This Week In Newsletters: Coastal Flooding Is Going To Be Faster Than Expected And Big Heathcare Systems Aren’t Containing Costs

In case you missed them, here’s what’s happening in the newsletters I co-write this week.

In this week’s InnovationRx, my colleague Katie Jennings looked at a new study finding that despite the promise that consolidation of primary care into larger health systems would contain costs, this largely hasn’t been the case. And outcomes only barely improved as well. Meanwhile, I took a look at the FDA’s exploration of changing its recommendation for Covid vaccinations.

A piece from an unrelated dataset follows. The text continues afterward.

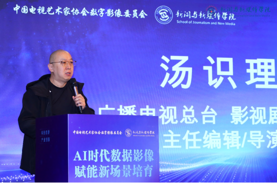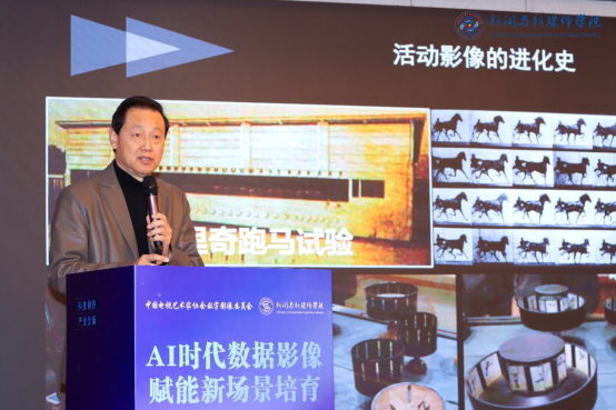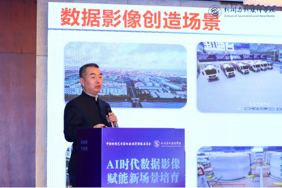 中国传媒大学动画与数字艺术学院教授张歌东梳理了影像发展的四大阶段,从模拟影像、数字影像、虚实结合影像到AI时代的“高维影像”,提出影像已实现从视网膜感知到大脑认知的升维突破。他聚焦空间叙事理念,通过VR大空间应用、媒体建筑光影景观等案例,探讨了数据影像在跨屏创作、公共空间体验等领域的创新可能,呼吁加强技术艺术交叉人才培养。

In this week’s Current Climate, I took a look at a new climate model that suggests flooding in coastal regions due to sea level rise will be faster than expected. Why? Because the old models were based on radar measurements of coastlines. But the problem there is that radar measurements can be inaccurate when there’s lots of vegetation. New measurements taken with lidar found that lots of coastal regions are lower than previously thought, and when those measurements are plugged into climate models? Faster flooding is the result.

Meanwhile, my colleague Alan Ohnsman takes a look at a chemical additive to tires that’s polluting waterways. Why? Because as people are driving along, the tires wear, leaving dust on the roads. Rain sweeps that dust into rivers, where it’s toxic to several varieties of fish. This is a known problem, but so far regulators aren’t keen to act on it.